For small graphs, we can use UGM to generate and display a set of 100 samples using
edgeStruct.maxIter = 100;
samples = UGM_Sample_Exact(nodePot,edgePot,edgeStruct);
imagesc(samples');
ylabel('Question');
xlabel('Student');
title('Test 2');
Using this, we see that the results of test 2 will look something like:
There is clearly a lot more blue in Mark's column in test 2.
Note that generating samples in this way will not in general be the same as sampling all the nodes independently from their marginal distributions. For example, in the above plot we see that in every sample where Heather got the question wrong, either Mark or Allison also got the question wrong.
??? Undefined function or method 'UGM_Decode_ExactC' for input arguments of type 'int32'.

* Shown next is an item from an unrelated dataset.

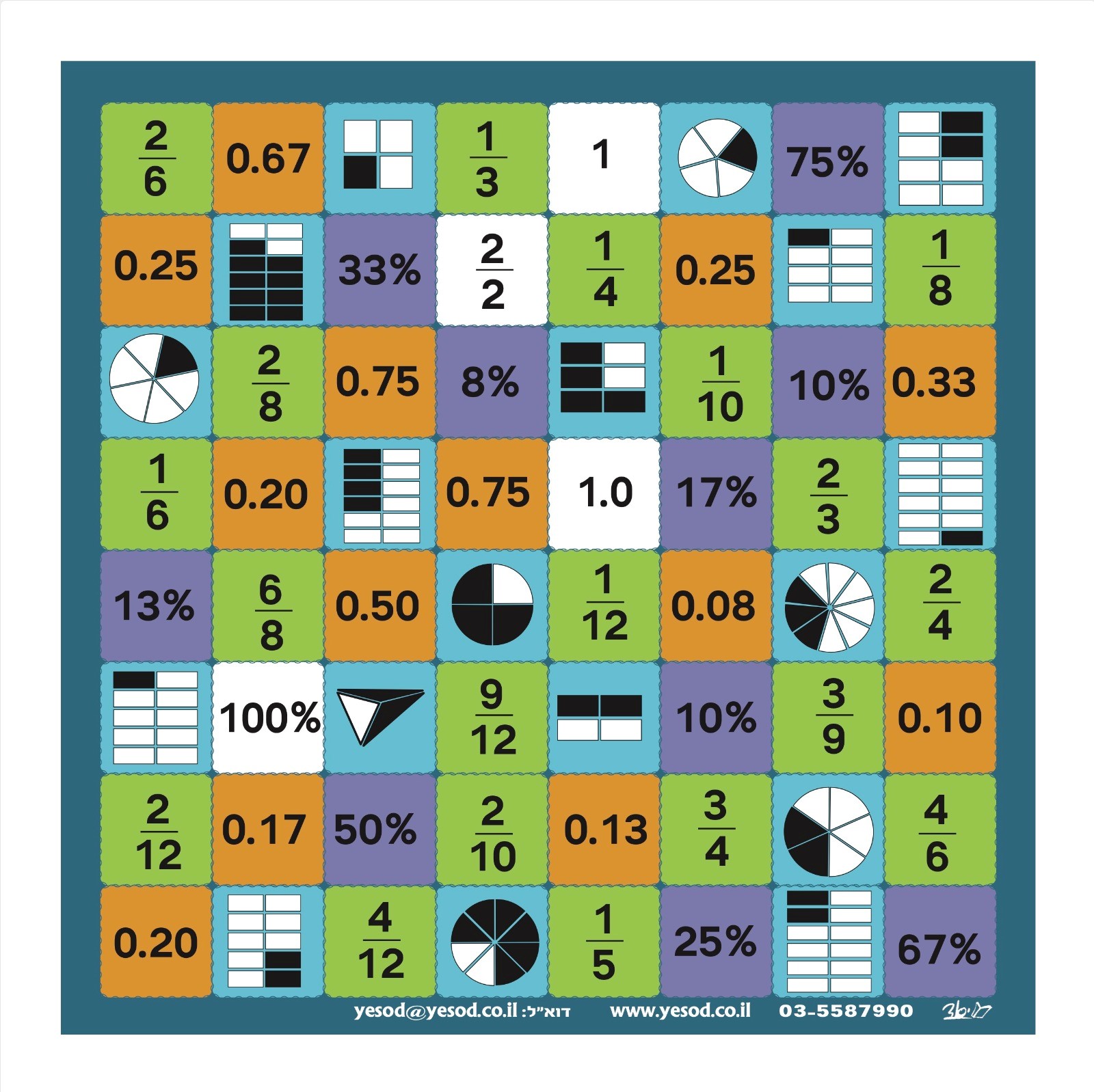 או דסקיות על יצוגי שברים עשרוניים ואחוזים(. וריאציה: מטילים קוביית שברים פשוטים.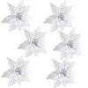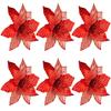 Christmas Poinsettia Ornaments 25 Cm Fauxs Cloth Flowers Set Of 6 Glitter Petals For Tree Wreath Garland Centerpiece

This happens because Matlab could not find the mex file for your operating system (in UGM, files ending with a capital 'C' are mex files). Mex files are compiled C functions that can be called from Matlab. These are useful when the extra speed provided by C (compared to Matlab) is needed. I have written mex versions of some of the parts of UGM that I've used in research projects. Unfortunately, mex files need to be compiled for the operating system that they are being used on. Although UGM includes compiled files for some operating systems, it does not include mex files for all operating systems. If the mex files for your operating system are not included and you get this error, there are two possible solutions:
edgeStruct.useMex = 0; optimalDecoding = UGM_Decode_Exact(nodePot,edgePot,edgeStruct)In place of a mex file, it will use the Matlab code that the mex file was based on. All of the mex files in UGM have corresponding Matlab code, since I wanted to maintain easily readable (but equivalent) versions of the files. Setting edgeStruct.useMex to 0 can also be useful for debugging problems, since you will get Matlab errors instead of segmentation violations. However, keeping this field set to 0 should be avoided if possible, since for larger problems the Matlab code might be much slower.